_REQUIREMENT_. The span to repeat in the listing below runs from the line containing "This Levi's Ribcage" to the line containing "KitchenAid Universal Nesting", inclusive. Repeat it exactly, and only it.

*** DATA SHOWN ***

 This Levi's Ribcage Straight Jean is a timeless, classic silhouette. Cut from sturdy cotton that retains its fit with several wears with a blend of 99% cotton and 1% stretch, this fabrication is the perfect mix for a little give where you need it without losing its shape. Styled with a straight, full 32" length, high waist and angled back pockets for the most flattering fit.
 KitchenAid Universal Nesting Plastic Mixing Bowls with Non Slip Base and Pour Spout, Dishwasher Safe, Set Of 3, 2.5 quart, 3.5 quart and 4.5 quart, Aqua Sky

***
*** DATA SHOWN ***

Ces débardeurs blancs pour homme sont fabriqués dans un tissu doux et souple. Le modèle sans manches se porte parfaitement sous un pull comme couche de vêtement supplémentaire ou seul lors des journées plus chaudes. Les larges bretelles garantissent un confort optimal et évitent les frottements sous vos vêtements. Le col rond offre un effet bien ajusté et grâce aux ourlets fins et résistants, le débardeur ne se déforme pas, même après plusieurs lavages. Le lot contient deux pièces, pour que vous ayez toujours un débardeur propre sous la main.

***
*** DATA SHOWN ***

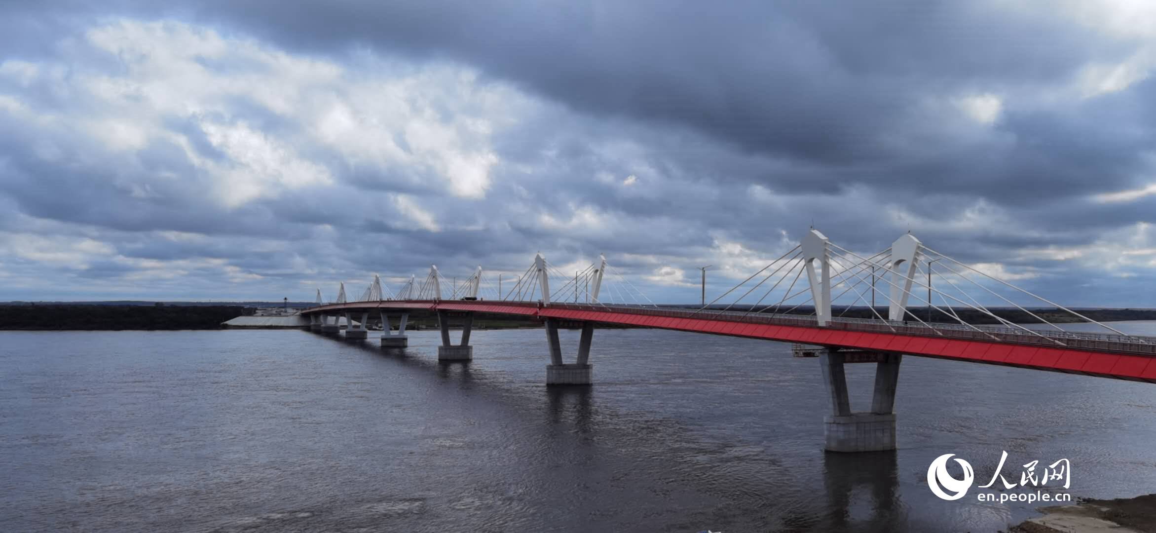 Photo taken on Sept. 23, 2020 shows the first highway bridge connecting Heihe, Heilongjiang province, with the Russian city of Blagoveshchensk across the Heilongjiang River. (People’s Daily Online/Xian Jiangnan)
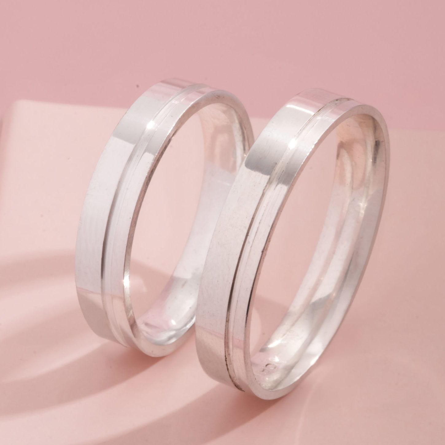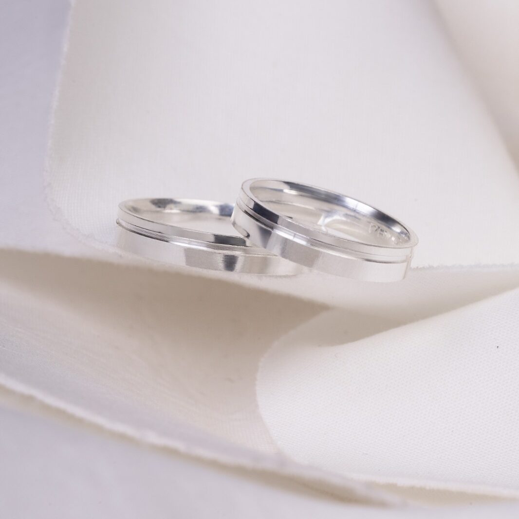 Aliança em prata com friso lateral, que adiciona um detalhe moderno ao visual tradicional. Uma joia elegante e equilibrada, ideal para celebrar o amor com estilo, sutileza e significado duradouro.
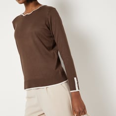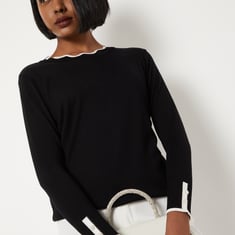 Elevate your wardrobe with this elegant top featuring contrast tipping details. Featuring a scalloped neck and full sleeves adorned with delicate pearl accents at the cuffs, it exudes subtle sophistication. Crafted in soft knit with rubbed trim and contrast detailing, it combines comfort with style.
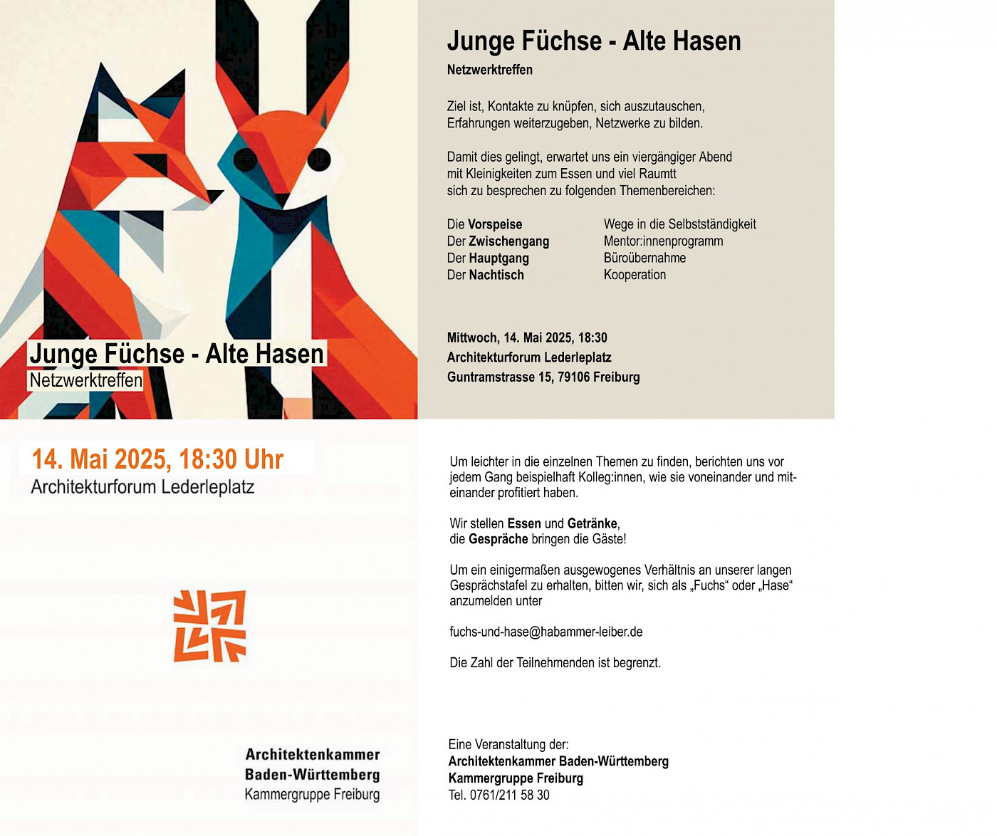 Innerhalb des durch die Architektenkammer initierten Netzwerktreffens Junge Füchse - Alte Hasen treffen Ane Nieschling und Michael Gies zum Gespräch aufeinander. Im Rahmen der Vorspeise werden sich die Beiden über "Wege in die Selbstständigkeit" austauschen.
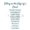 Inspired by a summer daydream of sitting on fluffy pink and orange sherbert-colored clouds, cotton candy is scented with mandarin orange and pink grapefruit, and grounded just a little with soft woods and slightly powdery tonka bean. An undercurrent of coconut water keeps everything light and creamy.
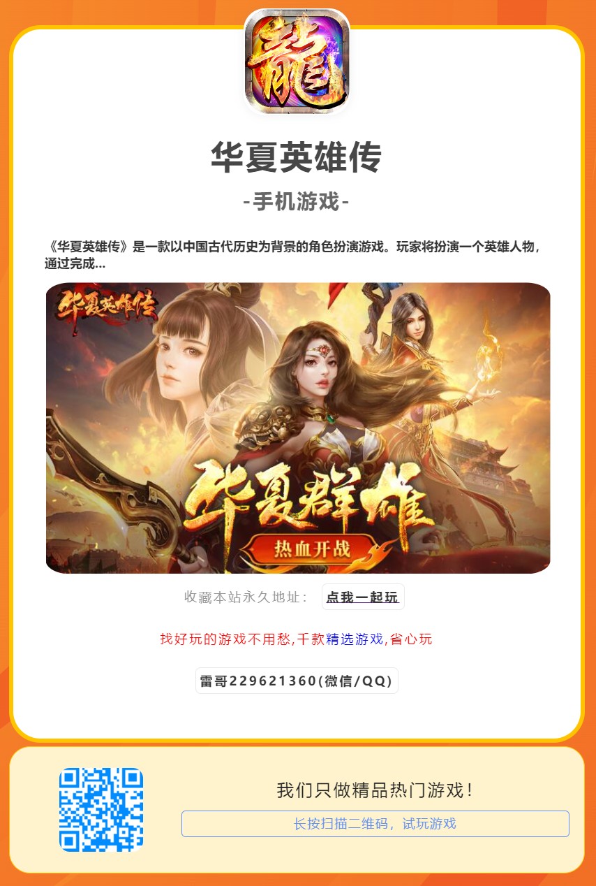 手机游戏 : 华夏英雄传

***

_RESULT FOR THIS EXERCISE_.
 This Levi's Ribcage Straight Jean is a timeless, classic silhouette. Cut from sturdy cotton that retains its fit with several wears with a blend of 99% cotton and 1% stretch, this fabrication is the perfect mix for a little give where you need it without losing its shape. Styled with a straight, full 32" length, high waist and angled back pockets for the most flattering fit.
 KitchenAid Universal Nesting Plastic Mixing Bowls with Non Slip Base and Pour Spout, Dishwasher Safe, Set Of 3, 2.5 quart, 3.5 quart and 4.5 quart, Aqua Sky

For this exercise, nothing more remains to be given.